• WORK INSTRUCTION:
In the entries that follow, repeat exactly the lines from the one that has "He was a nice" through the one that has "Der Wunderthätige Lebenslauff", but omit pictures.

• PROVIDED DATA:
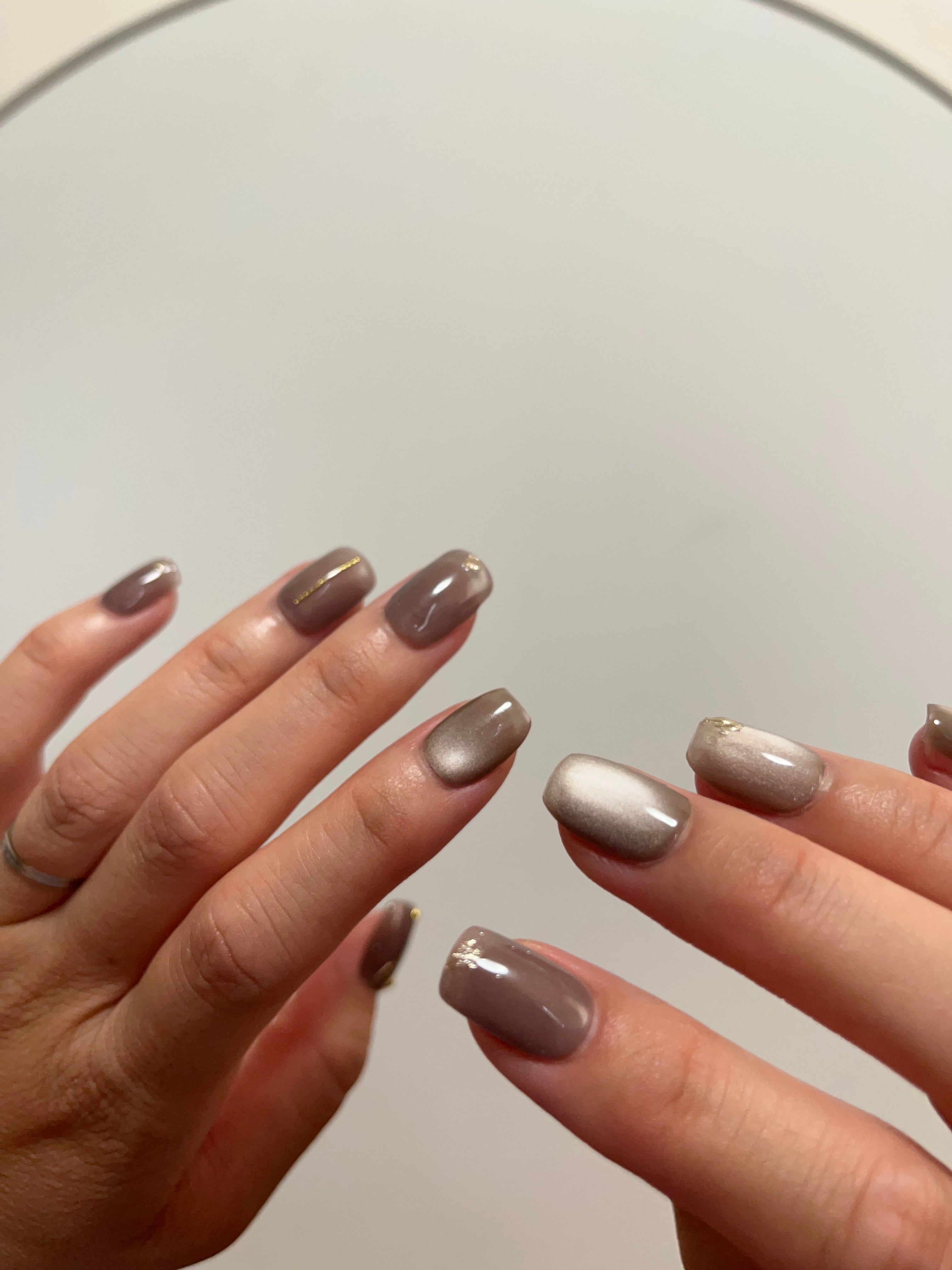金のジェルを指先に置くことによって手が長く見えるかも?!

---

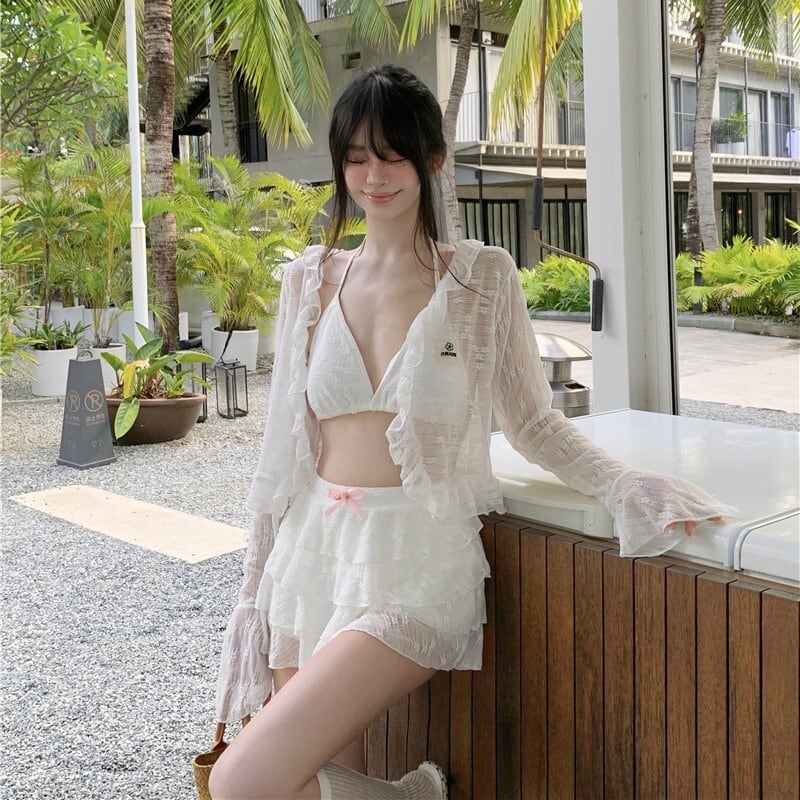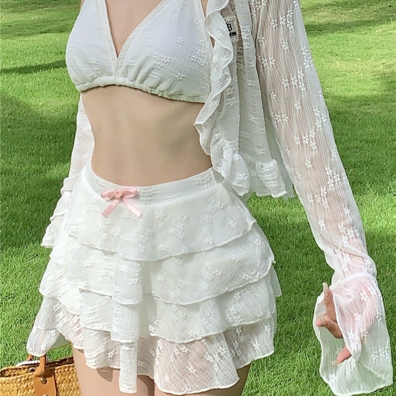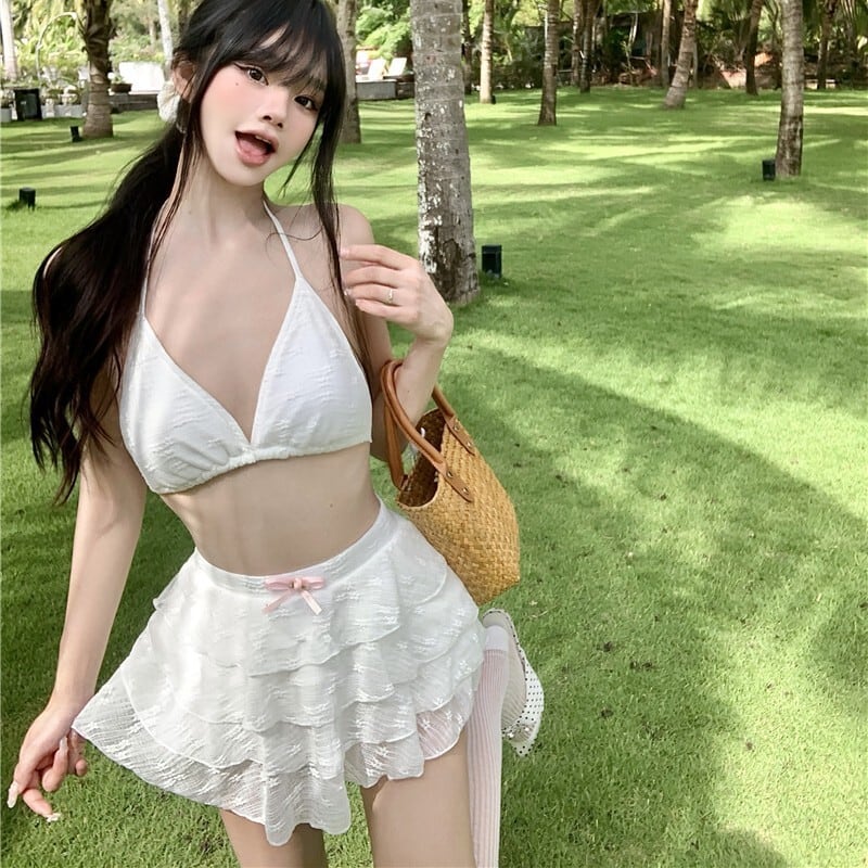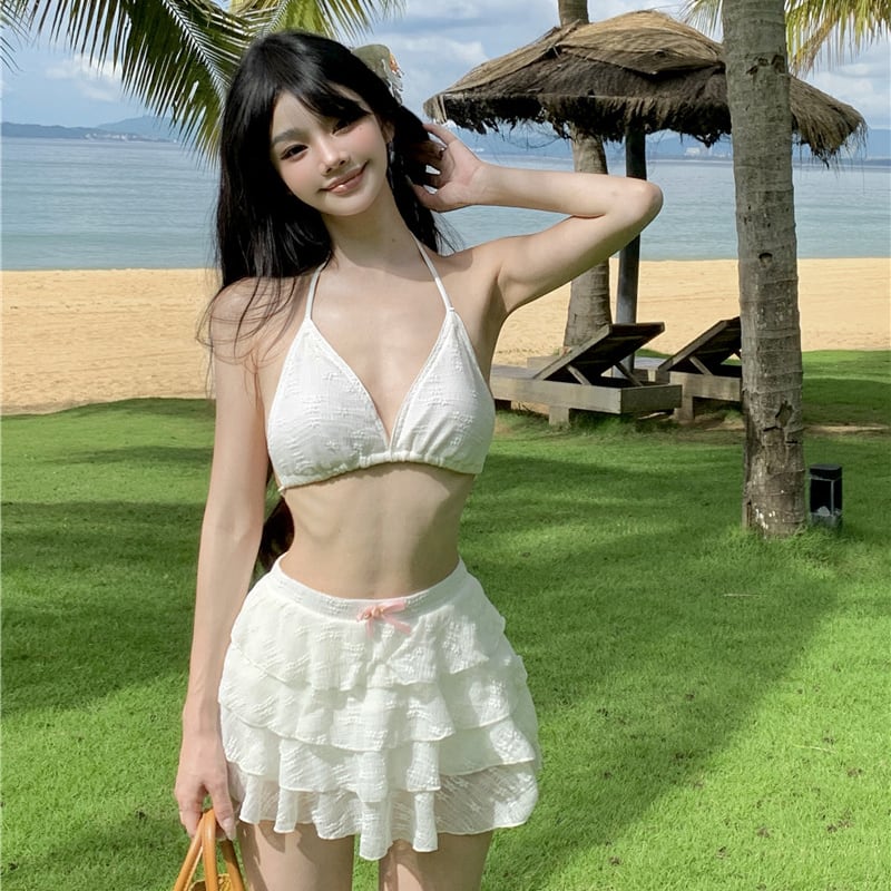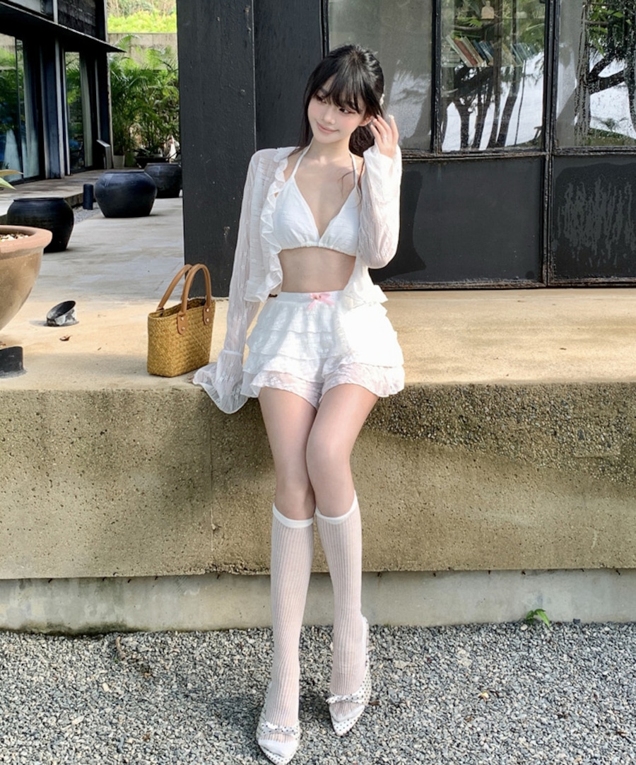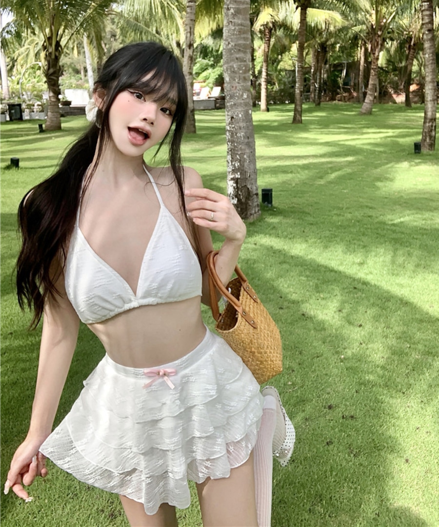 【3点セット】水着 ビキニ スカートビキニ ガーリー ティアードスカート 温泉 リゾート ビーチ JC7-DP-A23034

...

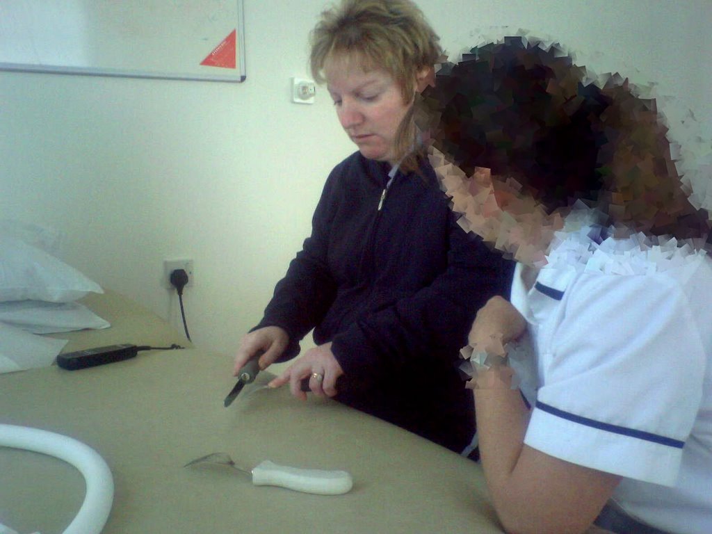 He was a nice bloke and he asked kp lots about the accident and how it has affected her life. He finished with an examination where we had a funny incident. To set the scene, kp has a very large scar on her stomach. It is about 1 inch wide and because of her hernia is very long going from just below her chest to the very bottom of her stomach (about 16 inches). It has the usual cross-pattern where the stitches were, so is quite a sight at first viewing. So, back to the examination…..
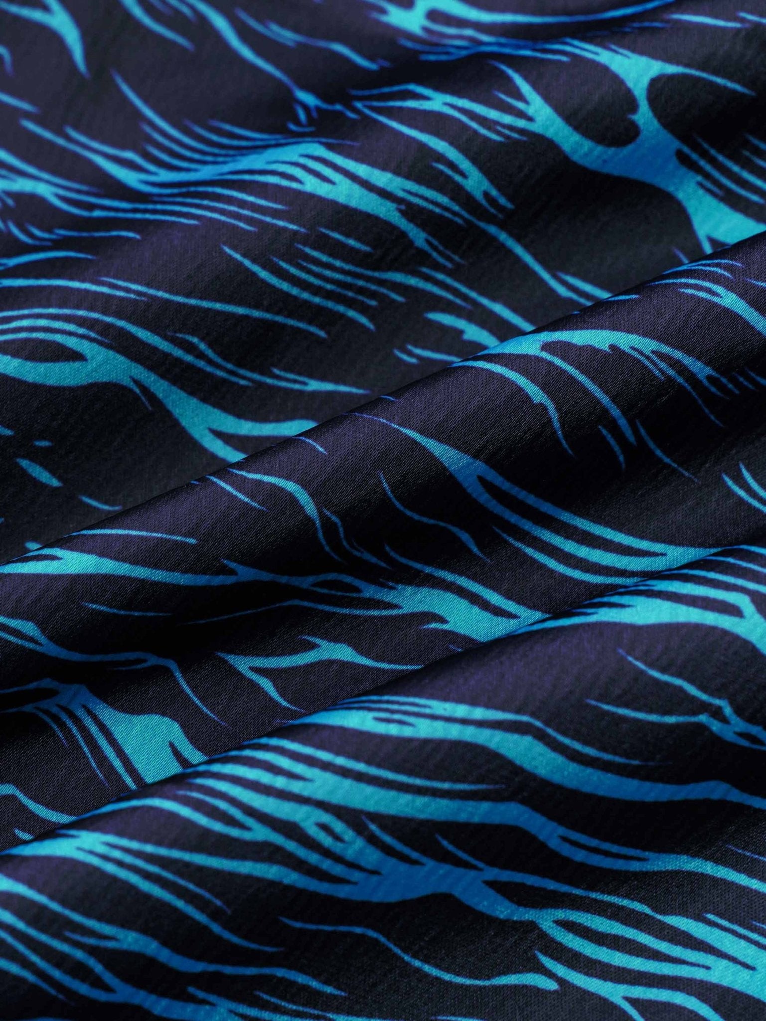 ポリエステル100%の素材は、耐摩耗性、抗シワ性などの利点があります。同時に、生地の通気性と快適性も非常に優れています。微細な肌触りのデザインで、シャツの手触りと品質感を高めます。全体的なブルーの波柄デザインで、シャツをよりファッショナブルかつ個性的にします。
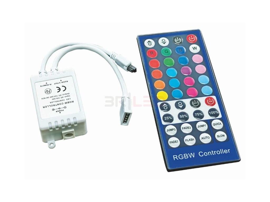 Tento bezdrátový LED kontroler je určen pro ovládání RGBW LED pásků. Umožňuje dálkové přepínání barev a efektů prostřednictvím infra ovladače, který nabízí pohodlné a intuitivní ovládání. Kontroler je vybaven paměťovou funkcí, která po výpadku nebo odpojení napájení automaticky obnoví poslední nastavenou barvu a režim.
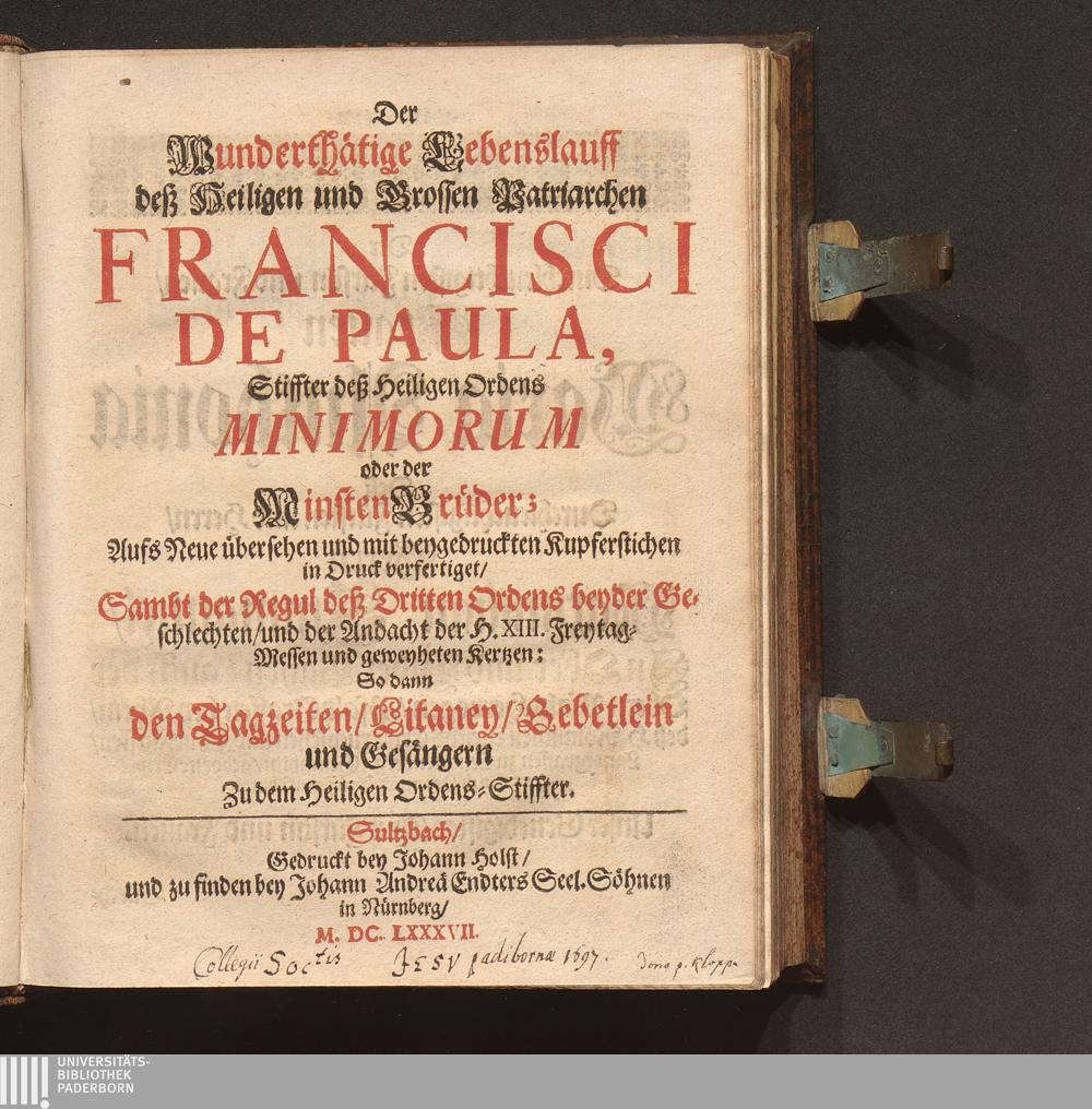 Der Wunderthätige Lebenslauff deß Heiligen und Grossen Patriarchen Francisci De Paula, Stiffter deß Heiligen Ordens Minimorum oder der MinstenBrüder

• RESPONSE AREA:
 He was a nice bloke and he asked kp lots about the accident and how it has affected her life. He finished with an examination where we had a funny incident. To set the scene, kp has a very large scar on her stomach. It is about 1 inch wide and because of her hernia is very long going from just below her chest to the very bottom of her stomach (about 16 inches). It has the usual cross-pattern where the stitches were, so is quite a sight at first viewing. So, back to the examination…..
 ポリエステル100%の素材は、耐摩耗性、抗シワ性などの利点があります。同時に、生地の通気性と快適性も非常に優れています。微細な肌触りのデザインで、シャツの手触りと品質感を高めます。全体的なブルーの波柄デザインで、シャツをよりファッショナブルかつ個性的にします。
 Tento bezdrátový LED kontroler je určen pro ovládání RGBW LED pásků. Umožňuje dálkové přepínání barev a efektů prostřednictvím infra ovladače, který nabízí pohodlné a intuitivní ovládání. Kontroler je vybaven paměťovou funkcí, která po výpadku nebo odpojení napájení automaticky obnoví poslední nastavenou barvu a režim.
 Der Wunderthätige Lebenslauff deß Heiligen und Grossen Patriarchen Francisci De Paula, Stiffter deß Heiligen Ordens Minimorum oder der MinstenBrüder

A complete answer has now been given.